Items listed in a dataset
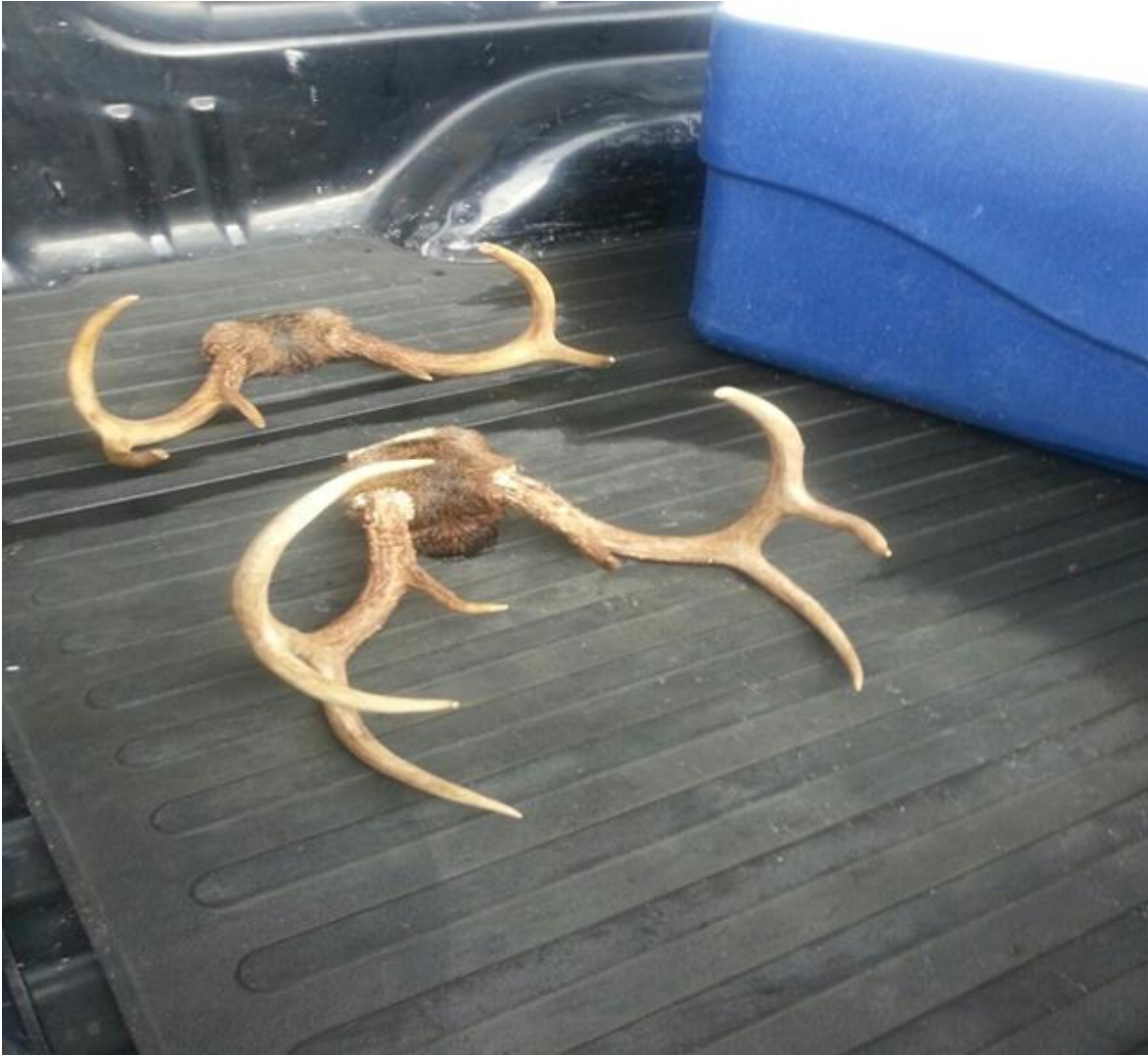
September 11 Atkinson County Buck on Top September 12 Coffee County Buck on Bottom

On September 12 th , Corporal Tim Hutto completed a complaint based investigation on a subject who killed an eight point buck at night on September 10 th . After interviewing witnesses and gathering evidence one subject was charged with hunting deer at night. One eight point buck and a cooler of deer meat was confiscated.
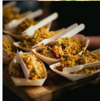
Food Truck Style Mini Mains Custom Pricing depending on choice
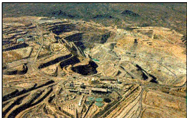
Open-Pit Viewpoint on the south rim of the Mission Mine

The Company is a fully integrated miner, smelter and refiner of copper in the United States. ASARCO's domestic mines annually produce approximately 350 – 400 million pounds of copper. Significant copper mines include the Mission, Silver Bell and the Ray open-pit mines, all three in Arizona.
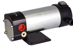
12V Oil Transfer Pump 3GPM
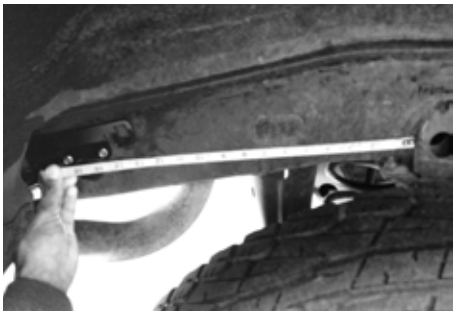
Fig. 7: Passenger side reservoir bracket mounting
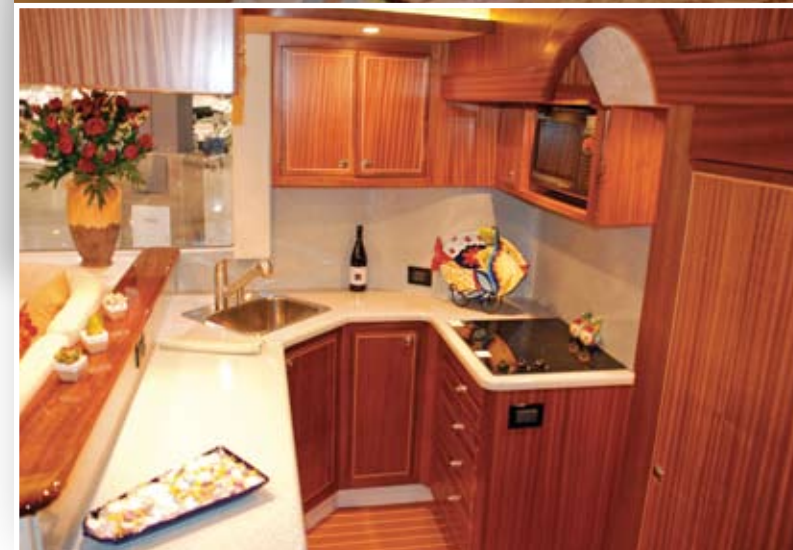
The Element's "tailgate" transom lowers to the deck, left, opening up the aft cockpit for water-sports adventures. The master stateroom, above left, is one of two private cabins on this 40-footer. The galley, above right, offers generous storage space.

fewer VOC emissions and less air pollution. Our run aboard Hull #1 revealed two unique features for a boat of this size. The first, and most obvious, was the drop-down transom, which operates like a pickup truck tailgate. The second is access to the engine and machinery space through a cockpit door that can remain open even when running without creating traffic problems for those on board.
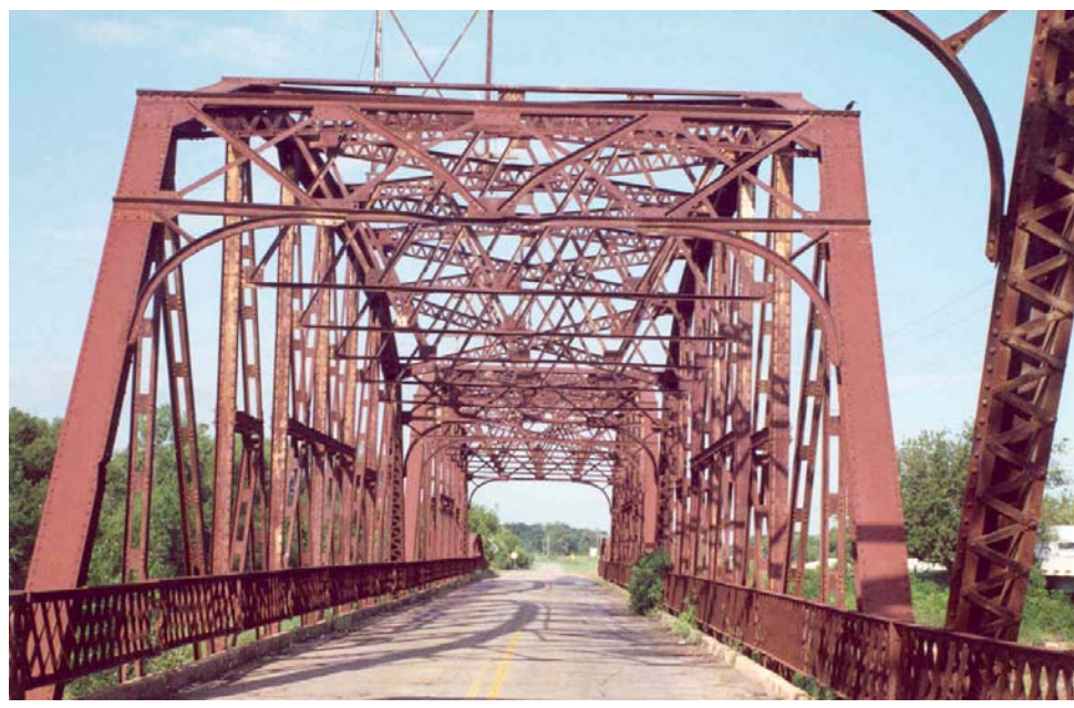
Unique bridge along Route 66. tique stores where you are

Interested in old bridges? We've got Pratt bedstead, camelback Warren pony truss, modified Pratt through-truss, a
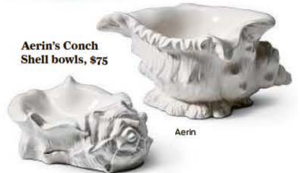
Aerin's Conch Shell bowls, $75
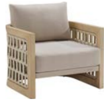
206421 Single Sofa Size: 740x780x600mm
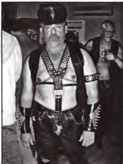
MR HARBOR ROOM 2006
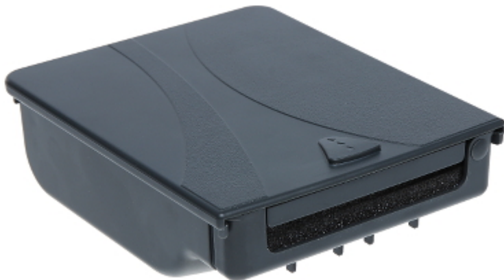
Destacker (mounted near by receiver):
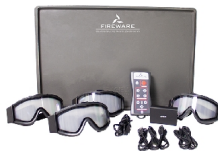
025-021-013 FireWare Nebula AR Smoke Simulation Mask Maxi-set
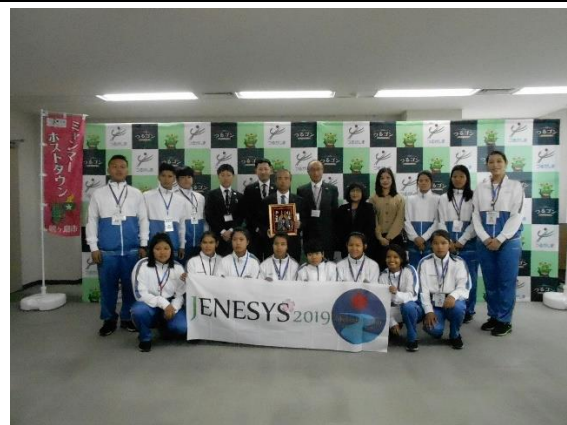
January 23rd 【Courtesy Call】 Tsurugashima City, Saitama Prefecture
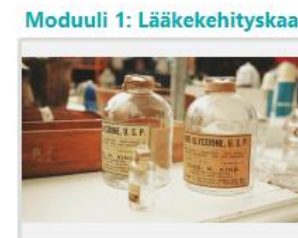
Moduuli 1: Digitaalisuus lää...
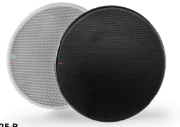
MXA925-R Ceiling Array Microphones Front
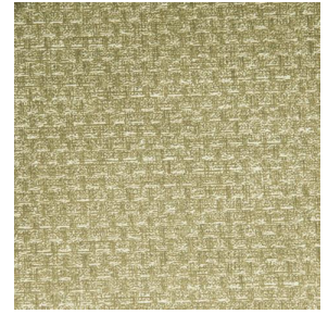
RUSTIC Bergamote 121
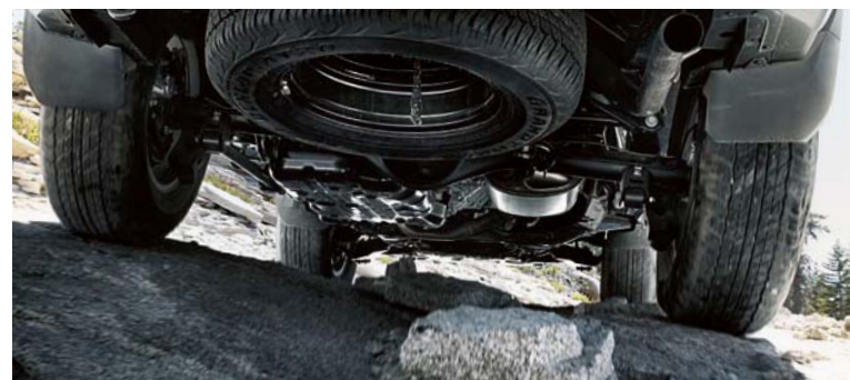
1. See footnote 2 in Disclaimers section. 2. See footnote 27 in Disclaimers section.
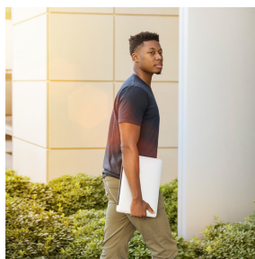
College students considering a different major or career path
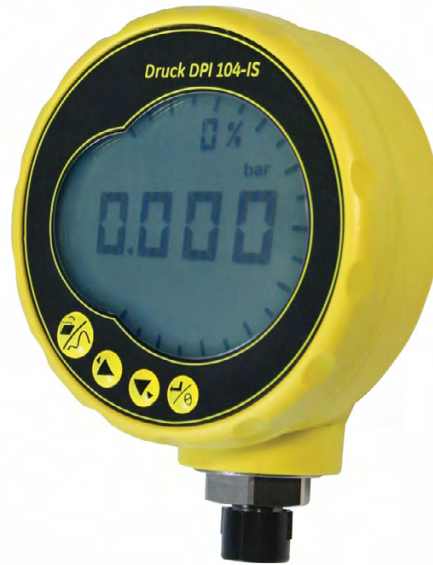
Hazardous Area pressure gauge
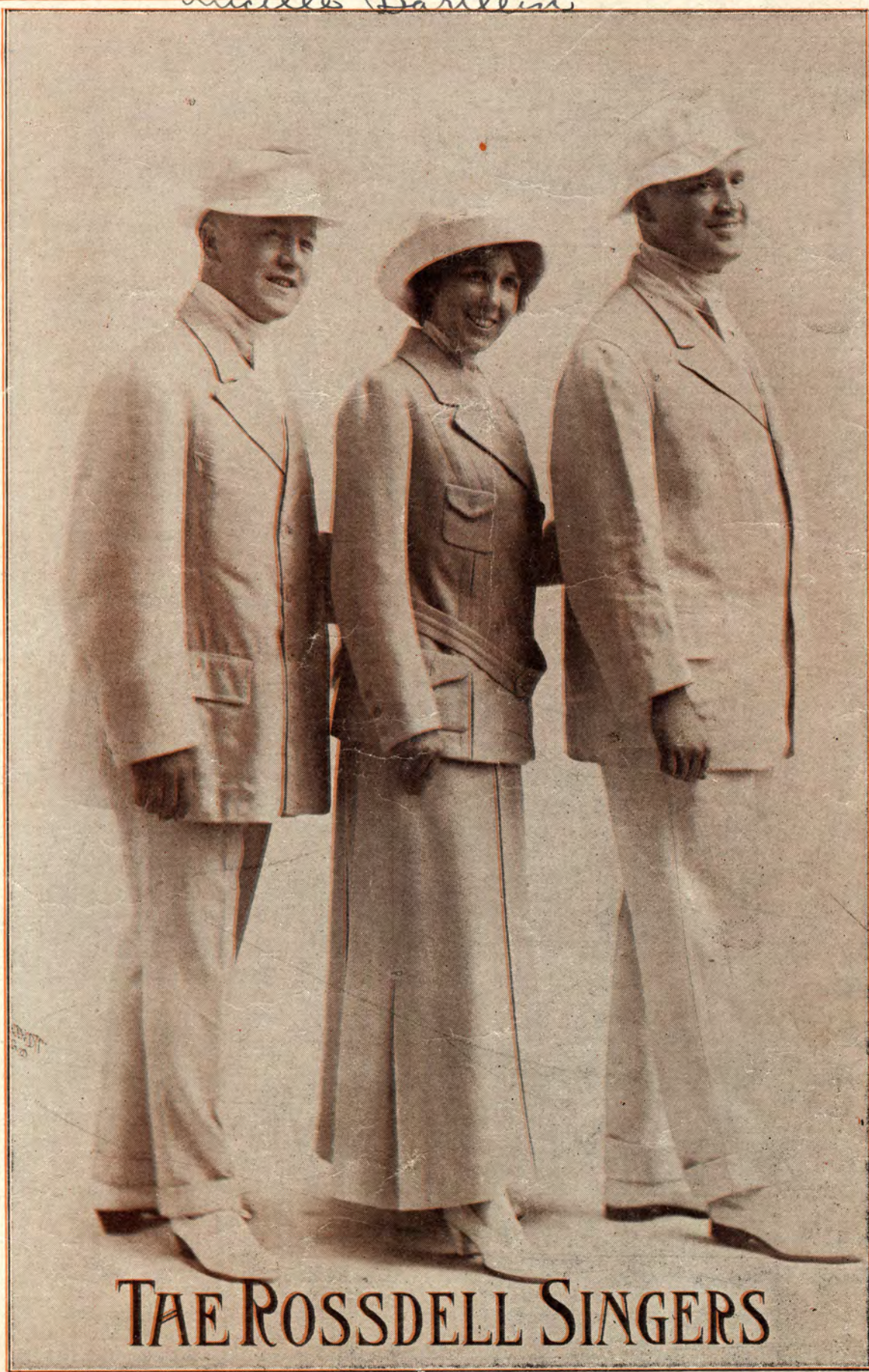
THE ROSSDELL SINGERS
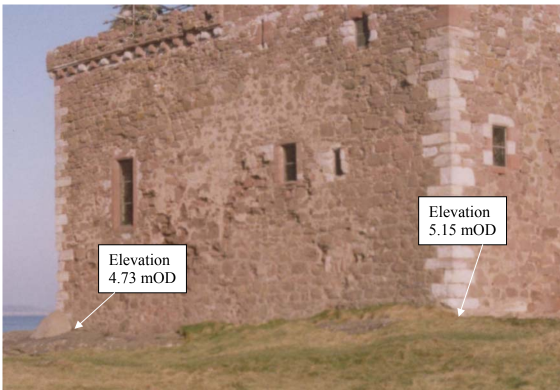
Figure 2 Levels at base of southwest wall of castle
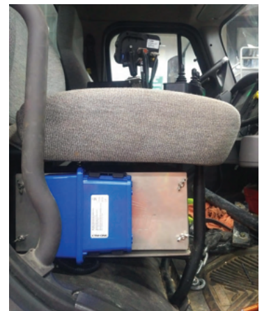
CTM-ONE salt truck install

It includes all the same hardware and functions as the regular CTM-ONE and features a discreet grey colour to blend in on vehicles.

## THE PROBLEM
Your answer should be the exact lines above from the one containing "fewer VOC emissions" through the one containing "Aerin's Conch Shell bowls, $75", with both end lines kept and the pictures removed, please.

## TASK ANSWER
fewer VOC emissions and less air pollution. Our run aboard Hull #1 revealed two unique features for a boat of this size. The first, and most obvious, was the drop-down transom, which operates like a pickup truck tailgate. The second is access to the engine and machinery space through a cockpit door that can remain open even when running without creating traffic problems for those on board.
Unique bridge along Route 66. tique stores where you are

Interested in old bridges? We've got Pratt bedstead, camelback Warren pony truss, modified Pratt through-truss, a
Aerin's Conch Shell bowls, $75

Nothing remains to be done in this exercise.